Right to Freedom of Expression and Association in Ecuador

Versión española disponible aquí

Commissioners: José de Jesús Orozco Henríquez, Rosa María Ortiz, Dinah Shelton, Emilio Álvarez Icaza (Executive Secretary), Catalina Botero (Special Rapporteur for Freedom of Expression)

Petitioners: Corporacíon de Estudios para el Desarrollo (CORDES), Fundacíon Andina para la ObservacíonSocial y Estudio de Medios (FUNDAMEDIOS), Confederación Unitaria de Comerciantes Minoristas y Trabajadores Autónomos del Ecuador (CUCOMITAE), Asosiación Red de ONG de Guayaquil (AROG), Federacíon de Estudiantes Secundarios del Ecuador (FESE) 

State: Ecuador

While petitioners representing various Ecuadorian NGOs came prepared to testify before the Inter-American Commission on Human Rights (IACHR) against representatives of the State of Ecuador (State), the Ecuadorian delegation notified the IACHR at 10:06 am on the day of the hearing on the Right to Freedom of Expression and Association that the State would not be participating in this hearing of the 149th session. The Mission of Ecuador to the Organization of American States (OAS) delivered the news at the beginning of the hearing. However, Article 64 of the IACHR Rules of Procedure guaranteed the petitioners a hearing, even in the absence of state representatives.
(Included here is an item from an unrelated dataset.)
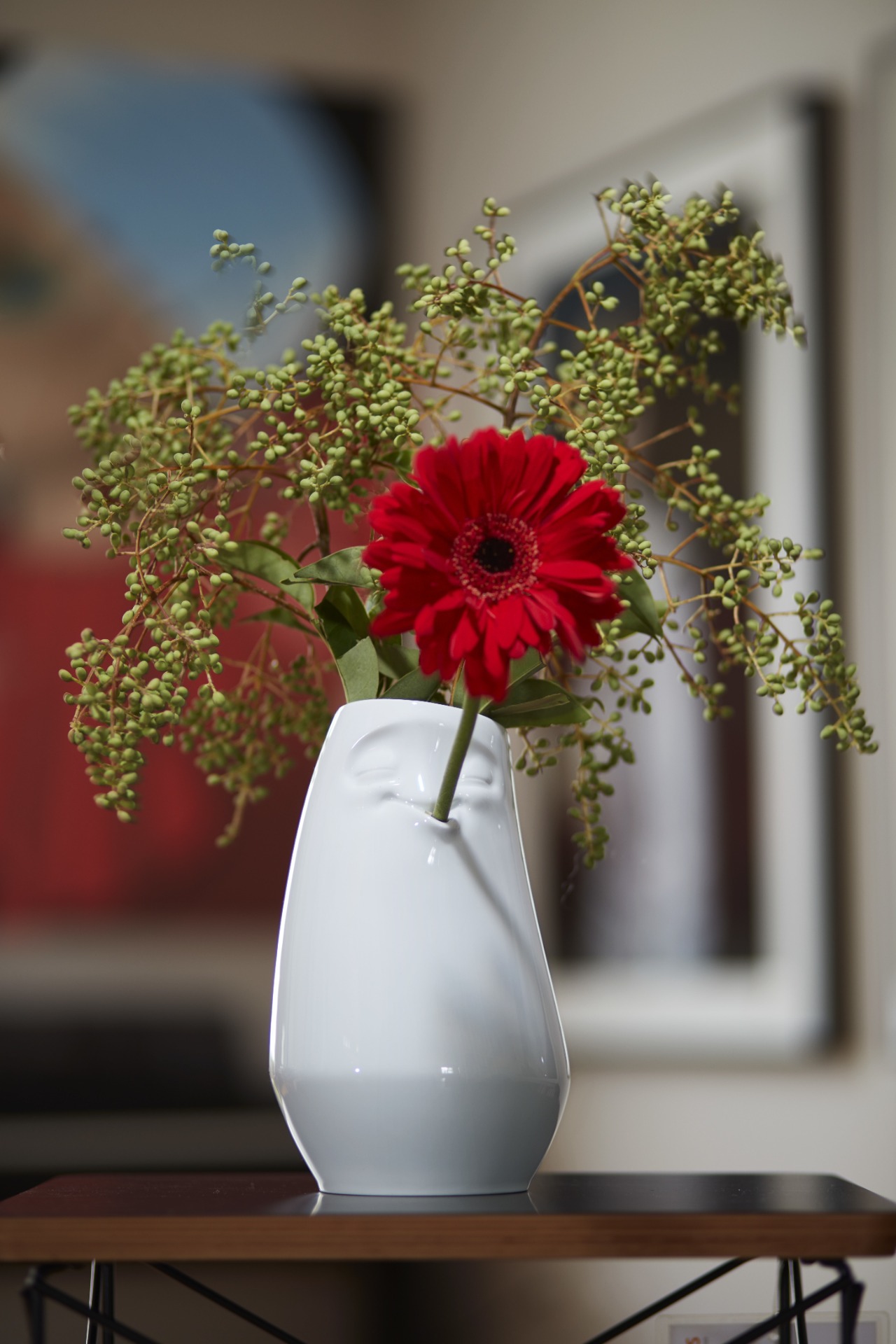 Met de vaas Laid-back verandert elk boeket bloemen in een handomdraai in een kunstwerk. En dit is het meest unieke kenmerk van onze charmante nieuwe vaas: in de glimlachende opening past een enkele bloem perfect!
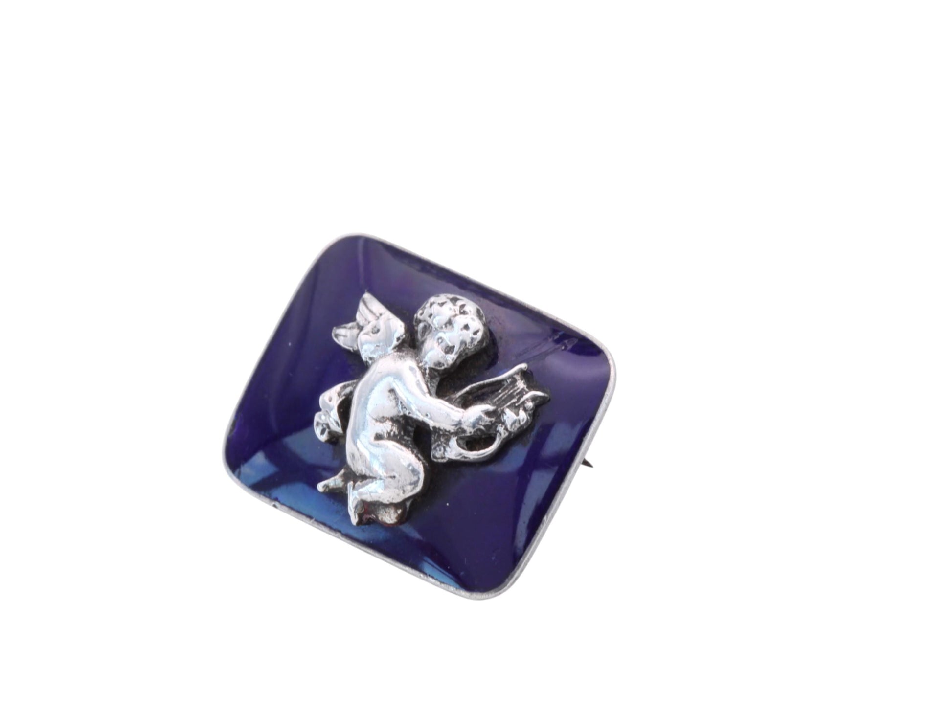 An antique sterling silver brooch adorned with soft blue enamel to the front and a beautifully detailed applied silver cherub holding a small harp. The enamel has survived wonderfully with only a few light surface marks, none missing — remarkable for its age.

Photo Credit: Inter-American Commission on Human Rights

Petitioners stated that they were not surprised by the State’s actions, alleging that these actions were indicative of Ecuadorian domestic policies that deny citizens the opportunity to engage in dialogue. The petitioning agencies testified about the new Organic Law on Communication and Presidential Decree 016, which monitors civil society by granting the government discretion to oversee and disband a variety of non-governmental organizations and unions. Carlos Castellanos, President of Confederación Unitaria de Comerciantes Minoristas y Trabajadores Autónomos del Ecuador (CUCOMITAE), testified that the decree is oppressive in nature, suppressing those who think differently or dissent from government opinions. Castellanos was not alone in his sentiments; representatives from Corporacíon de Estudios para el Desarrollo (CORDES), Fundacíon Andina para la Observacíon Social y Estudio de Medios (FUNDAMEDIOS), Asosiación Red de ONG de Guayaquil (AROG), and Federacíon de Estudiantes Secundarios del Ecuador (FESE) also expressed grave concerns in regard to the decree.

More specifically, petitioners disclosed that the decree requires all civil society organizations to register with the government should they wish to exist legally. This requirement extends to all groups and organizations, including indigenous organizations that have existed for years. While the state allegedly claims that these organizations impair the security situation in Ecuador, petitioners alleged that these restrictions hamper civil society and deny citizens their freedoms of association and expression. Another petitioner specifically expressed concerns that Decree 016 ignores citizens’ rights to freedom of association as laid out in the Constitution of the Republic of Ecuador and in Article 16 of the American Convention on Human Rights (ACHR). In regards to freedom of expression (Convention Article 13), petitioner Miguel Rivadeneira, a reporter, focused on how the Organic Law interfered with the work of journalists. Rivadeneira criticized the law as punitive in nature and going against principles of dialogue that are important in a democratic state. Rivadeneira further alleged that the law gave the State a monopoly on information that it deems to be of public relevance. For example, if an issue is deemed to be of public relevance, reporting of the issue may be heavily regulated by the State, allegedly including specific required content.  Rivadeneira expressed that these regulations dissuade journalists from interviewing people with diverse opinions that differ from state officials and curtail journalistic investigations vis-à-vis the Ecuadorian administration.

Responding to these claims and further allegations related to concepts referred to as “media lynching,” the Commissioners asked a series of clarifying and investigatory questions. Commissioner Dinah Shelton seemed to express concern when asking for more details from petitioners, explicitly stating that she did not want any of the responding petitioners to be punished for defamation against the State. In the absence of Ecuadorian officials, IACHR Special Rapporteur for Freedom of Expression Catalina Botero condemned the State’s measures by openly asking the empty seats of government officials what the difference would be between old-fashioned censorship and the current laws promulgated by the State.